* [PROBLEM TO WORK ON]: In the entries below, begin at the line that has "Sametist isoleeritud saapad", stop after the line that has "06 September 2018: The", and output those lines exactly with no pictures.

* [MATERIALS PROVIDED]:
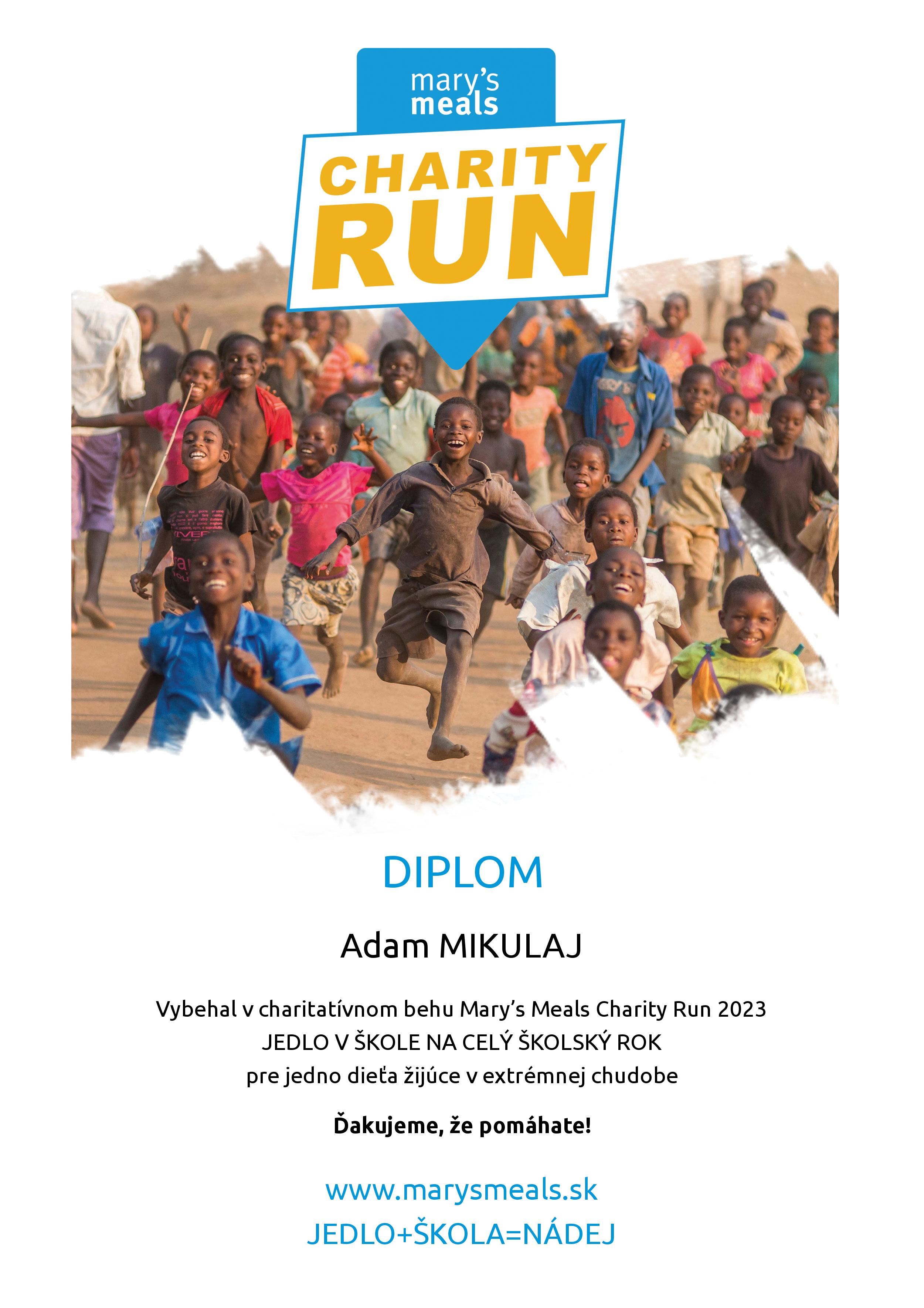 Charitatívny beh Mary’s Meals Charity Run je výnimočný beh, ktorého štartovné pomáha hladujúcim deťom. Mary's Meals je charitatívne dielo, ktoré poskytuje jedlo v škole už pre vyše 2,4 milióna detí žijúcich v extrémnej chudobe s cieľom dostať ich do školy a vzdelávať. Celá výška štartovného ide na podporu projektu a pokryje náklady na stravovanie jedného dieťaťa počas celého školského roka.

...

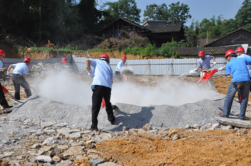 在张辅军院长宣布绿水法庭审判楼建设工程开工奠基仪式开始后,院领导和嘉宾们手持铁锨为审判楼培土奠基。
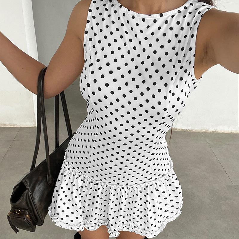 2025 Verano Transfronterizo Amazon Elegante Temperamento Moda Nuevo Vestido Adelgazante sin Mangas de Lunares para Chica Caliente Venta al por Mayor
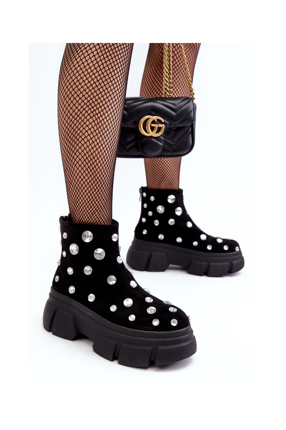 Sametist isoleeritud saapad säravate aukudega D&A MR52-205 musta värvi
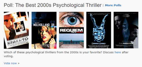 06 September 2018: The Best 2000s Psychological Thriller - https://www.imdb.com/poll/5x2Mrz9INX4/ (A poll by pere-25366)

==

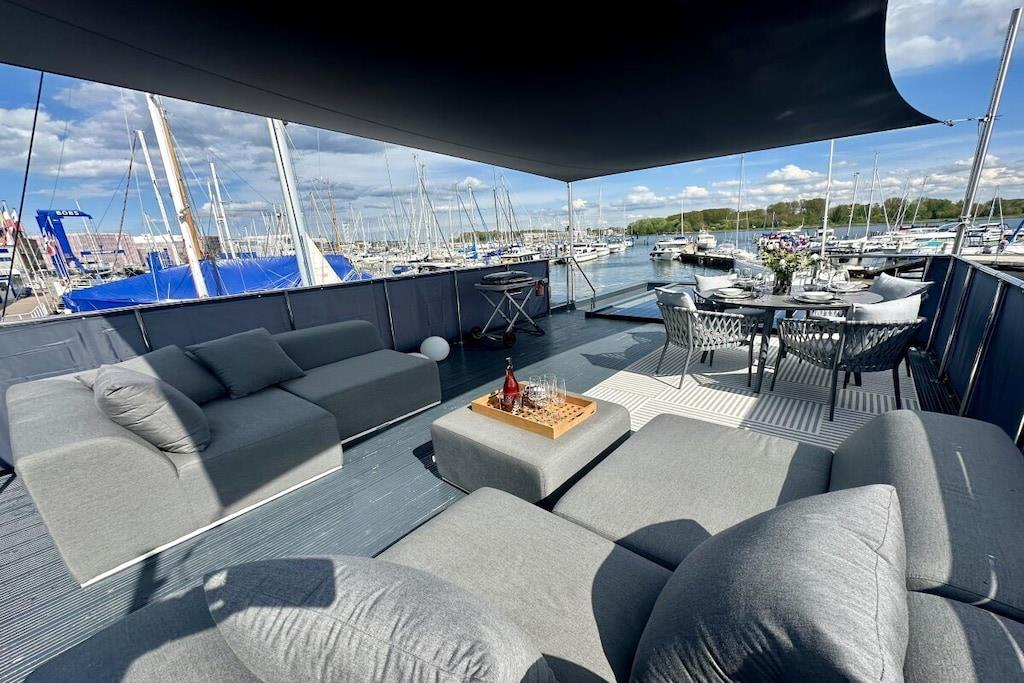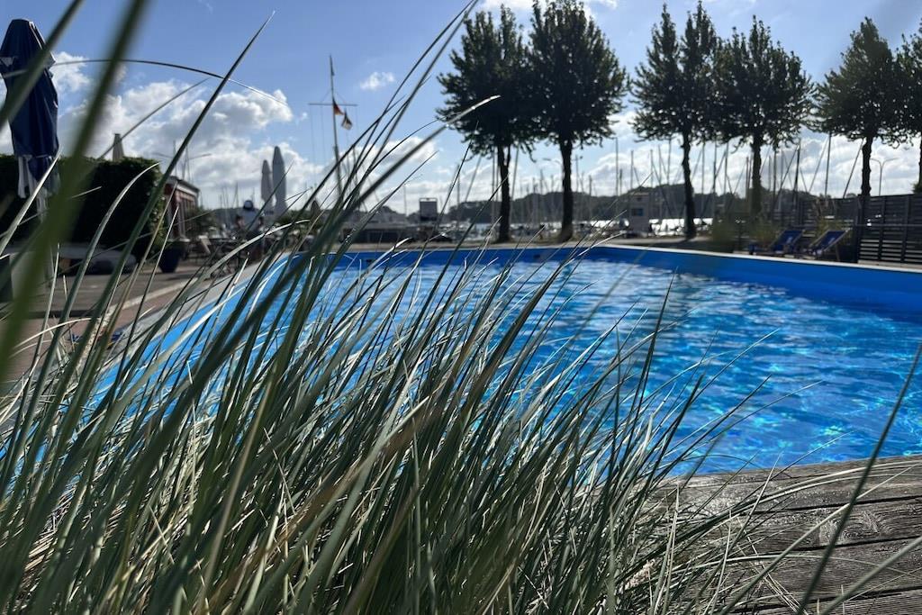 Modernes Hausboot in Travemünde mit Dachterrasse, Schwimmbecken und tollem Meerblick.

* [ANSWER SPACE]:
 Sametist isoleeritud saapad säravate aukudega D&A MR52-205 musta värvi
 06 September 2018: The Best 2000s Psychological Thriller - https://www.imdb.com/poll/5x2Mrz9INX4/ (A poll by pere-25366)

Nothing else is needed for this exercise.